Can A College Degree Lead To Hip Hop Success?
Ask a group of young kids about what careers they aspire to in adulthood and you’re guaranteed to get at least one child who will mention being an entertainer, or more specifically a rapper.
In today’s society, many people aspire to become a hip hop recording artists. Although the rags to riches stories of entertainers are often glamorized by the media, obtaining a record deal from a simple “cold call” isn’t common.
Nope, in many cases it is a lengthy, rocky, and often unsuccessful route. But, with no clear and definite route to success as a hip hop artist, should we be guiding school children to pursue a college degree first, then pursue their musical aspirations? Or, should we be telling the little kiddies to be like Roc Nation rapper J Cole, and put off a rap career until you earn a degree at St. John’s University like he did? Or instead, should we guide them to pursue the “Hard Knock Life” approach like Jay-Z, and bypass formal education, and attempt to rise from the streets to rap stardom? Alabama A & M sophomore, Tara Crawford shares the story of an Alabama rapper who made educational pursuits his priority.
It seems that the overwhelming stereotypes about hip hop artists assume all rappers are uneducated and ignorant. Case in point, CNN’s Nancy Grace’s interview with rap veteran 2 Chainz, who happens to also be an Alabama State University alum, and considering running for mayor in College Park, GA. Obviously, mistakenly assuming 2Chainz to be incapable of holding his own in a debate about legalizing marijuana, Nancy Grace criticized 2chainz for his music rather than addressing the actual issue. Whereas, 2chainz articulately presented his position with facts and evidence. Social media viewers slammed Grace for her misstep and rallied behind 2Chainz, and his management of the debate.

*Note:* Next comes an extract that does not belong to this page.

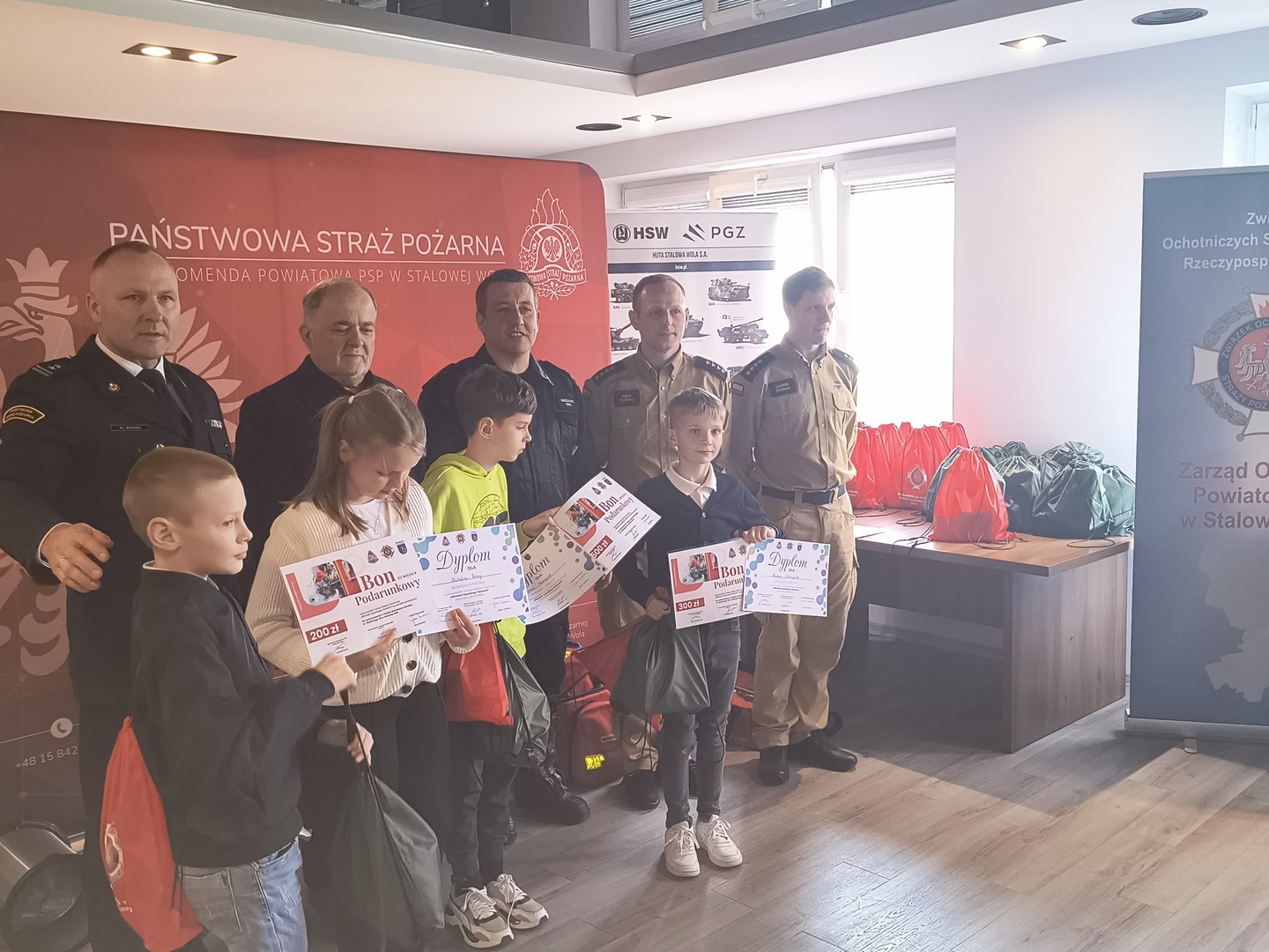 W marcu 2024r uczniowie Zespołu Szkół w Lipie wzięli udział w Ogólnopolskim Turnieju Wiedzy Pożarniczej „Młodzież zapobiega pożarom” na etapie gminnym. Po przeprowadzonych eliminacjach na szczeblu szkolnym, w dniu 26 marca 2024r odbył się w ZS w Lipie etap gminny. Szkołę w Lipie reprezentowały dwie trzyosobowe drużyny, jedna w kategorii klas 1-4 a druga w kategorii klas 5-8 szkoły podstawowej. Po przeprowadzonych eliminacjach do etapu powiatowego w kategorii klas młodszych zakwalifikował się Kamil Skrzypek z klasy 4 uzyskując pierwsze miejsce w etapie gminnym. W kategorii klas starszych odbyła się dogrywka między dwoma uczniami z ZS w Lipie i jednym uczniem z ZSO w Zaklikowie. Po przeprowadzonej dogrywce, pierwsze miejsce i awans do etapu powiatowego wywalczył uczeń klasy 7 Szymon Januszko. W dniu 24 kwietnia 2024r w jednostce Państwowej Straży Pożarnej w Stalowej Woli odbył się etap powiatowy Ogólnopolskiego Turnieju Wiedzy Pożarniczej. Każdą gminę z powiatu stalowowolskiego reprezentowała jedna osoba w danej kategorii wiekowej. Uczniowie w pierwszym etapie musieli zmierzyć się z pisemnym testem. Po sprawdzeniu testów przez komisję konkursową, trzy osoby z każdej kategorii wiekowych, które uzyskały najwyższy wynik kwalifikowały się do drugiego etapu konkursu. W drugim etapie konkursu należało wykazać się wiedzą praktyczną, odpowiadając na zadawane przez komisję pytania. Po przeprowadzonych eliminacjach w kategorii klas 1-4 uczeń Kamil Skrzypek uzyskał drugie miejsce w powiecie a Szymon Januszko uzyskał piąte miejsce w powiecie w kategorii klas 5-8. Gratulujemy Naszym uczniom tak wysokich wyników i życzymy dalszych sukcesów i zapału do pracy w kolejnych konkursach z zakresu wiedzy pożarniczej.

From my experience, the stereotype of the uneducated rapper is way off. There are lots of rappers who went to college, like David Banner, Ludacris, and Phonte, to name a few. There are many students who do aspire go to college and formally study the entertainment industry, prior branding themselves as rap artists. Yep, they’re combining creative talents, new intellectual knowledge, and practical experience to pursue music careers. And often, they end up inspiring, motivating, and guiding others at the same time.

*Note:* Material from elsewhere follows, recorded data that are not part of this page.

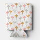 This can cooler has a Boho design of three leaves together with three dots below them in silver, gold, and pink gold.
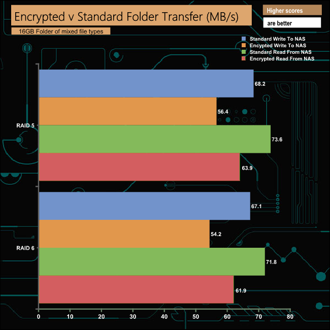 The AES-NI hardware encryption engine in the DS920+ does a very good job of negating the effects of dealing with data encrypted transfers. In a RAID 5 array there’s only just under 12MB/s drop in performance when writing to the DS920+ and just 10MB/s are dropped when reading the data back.
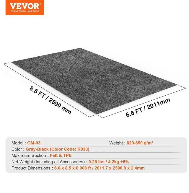 VEVOR Waterproof Garage Floor Mat for Under Car, Non-slip 6.6'x8.5' Compact Size Heavy Duty Containment Mat, Protects Garage Floor from Water, Mud and Oil, For Garages,Greenhouses,Entrance
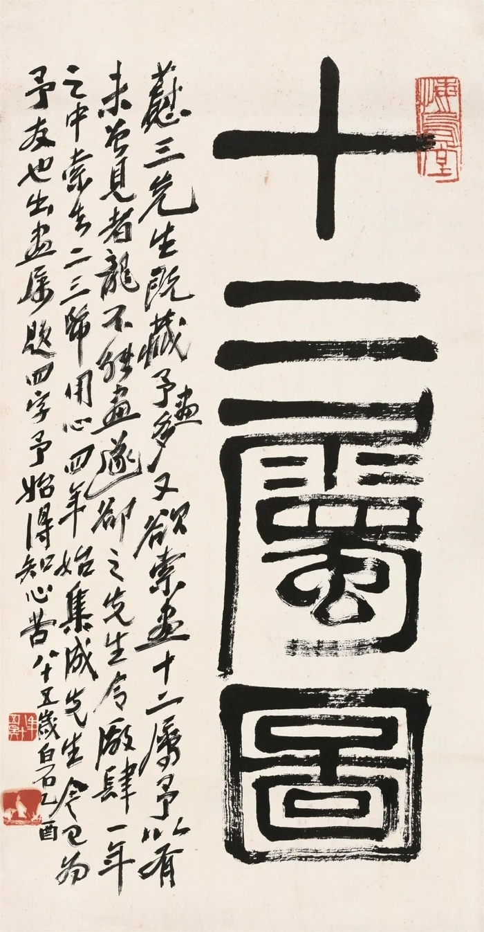 作为齐白石艺术生涯中的珍稀之作,《十二属图》的诞生背后藏着一段跨越四年的艺坛佳话。民国时期收藏家关蔚山先生仰慕白石大师艺术造诣,希望定制一套十二生肖画作,却因齐白石秉持“不画未见之物”的原则,被以“龙非日常所见”为由婉拒。最终,关蔚山通过厂肆逐年委托,历时四载终成全套。1945年,齐白石亲笔题写“十二属图”并作题跋,感叹“...用心四年,始集成。先生今已为予友也...”,成就了一段知己相交的美谈。
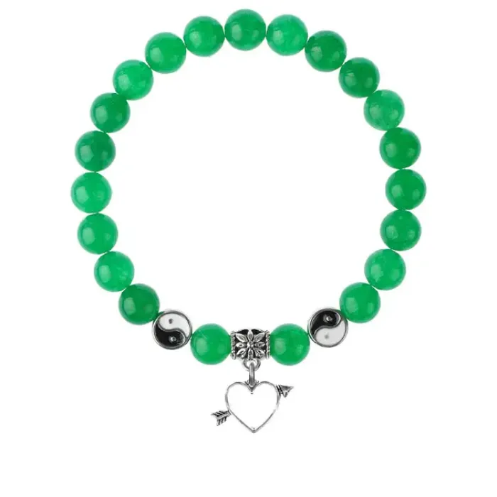 Браслет Сердце — это уникальный амулет из натурального нефрита, который символизирует любовь и доброту. Этот стильный аксессуар дополнен подвеской-талисманом из бижутерного сплава с покрытием под серебро, что придаёт ему особую привлекательность.
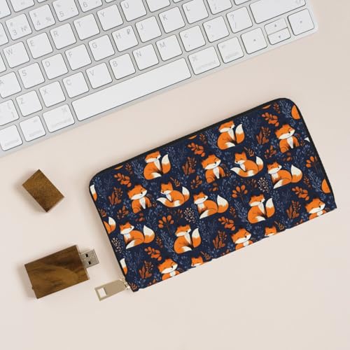 Cute Foxes Print Wallet Women Men, Long PU Leather Wallets for Women, Cute Womens Travel Wallet Purse Pouch with Zipper Pocket 1
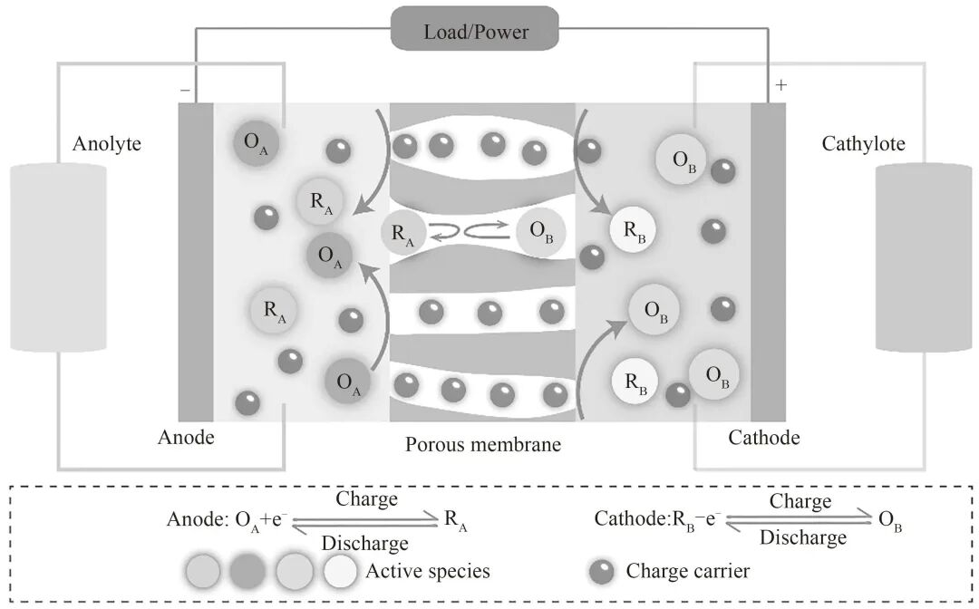 典型的液流電池及其所應(yīng)用的多孔離子傳導(dǎo)膜示意圖

An excellent example of this type of artist upholding such standards is an alum of my own Alabama A&M, Juwan Rain, publicly known as Jay Dot Rain. Jay Dot Rain is an educated rising hip hop artist born and raised in Tuscaloosa, AL. Notably, Jay was mentioned in well renowned magazines such as Complex and Source. Initially, Jay started recording music when he was 18 years old, and received his degree in Telecommunications from Alabama A&M 2013. He said his initial motivation to pursue a degree was due to family expectations, and the fact his mother was an educator. But, obtaining a college degree was also a personal goal of his as well, he said, “College was so valuable because it gave me an opportunity to really learn about myself and who I am.” Jay Dot Rain identifies additional benefits of pursuing a college degree, prior to a career in hip hop saying, “It’s an added bonus, when you say you have one. It allows you to go a little further, and people look at you in a different light. College is not the only way [to get a rap career] but it can enable longevity [in this business].”

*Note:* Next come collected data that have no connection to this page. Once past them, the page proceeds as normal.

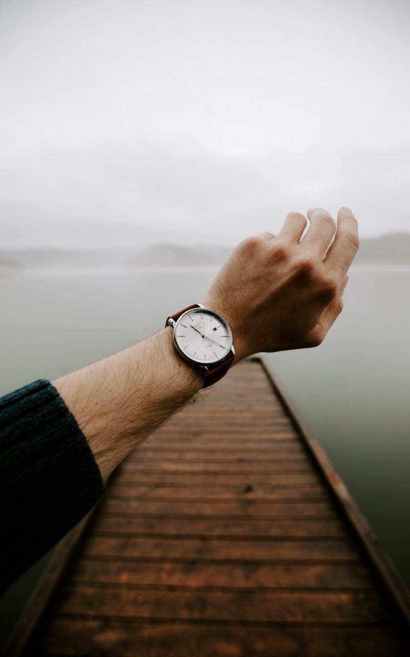 Обои: часы, озеро, туман - 800x1280
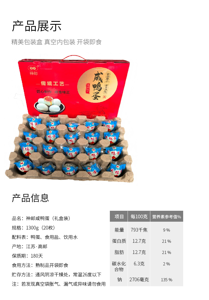 神邮 高邮咸鸭蛋 20枚*65克 咸香流油 油黄沙松 红色(单位:盒)
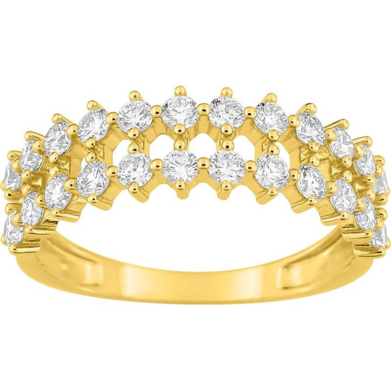 Cette bague en or 375 millièmes Diamanti référence 9KLGD157Y, se décline dans une version tout en finesse et élégance, l'anneau en or est serti de sublimes diamants synthétiques de 0.8 carat de qualité F-VS. Ce modèle existe également en or blanc.
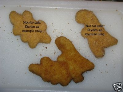 Up for auction is a one of a kind Chicken Nugget. I did not create this nugget formation. I simply opened the bag of frozen nuggets and it was already formed that way. What can I say other than the 2 Dinosaurs seem to be ….er….um….Fornicating. Which isn’t so unusual except for the fact that these are two entirely different breeds of dinosaurs and I don’t really think this is what Darwin meant by survival of the fittest.
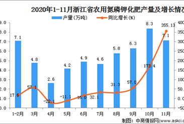 中商情报网讯:据中商产业研究院数据库显示,2020年11月浙江省农用氮磷钾化肥产量为7.1万吨,同比增长355.13%。 数据来源:中商产业研究院数据库 2020年11月浙江省农用...【详情】
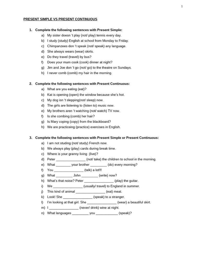 3. Complete the following sentences with Present Simple or Present Continuous:

Within his career, Jay Dot Rain has been relentless to represent not only a commitment to education, but also a remarkable and unique musical product. He has introduced a new sound of which he calls “trap jazz”. Notably, the title appeals to the modern crowd, but is indicative of the fact that current hip hop is cyclical, and still incorporates musical styles from the past. Additionally, Rain recently embarked upon a tour entitled “Alabama Power”allowing him to share his music, but also empower and enlighten others about the strong amount of creative talent throughout the state of Alabama. Rain says: “It allows us to unite the state and show others how we support one another as well as how much talent is here.”
And, perhaps another indirect consequence of the tour is to display a hip hop artist who is on a strong track to being successful in entertainment because he felt a formal education would help him manifest that dream.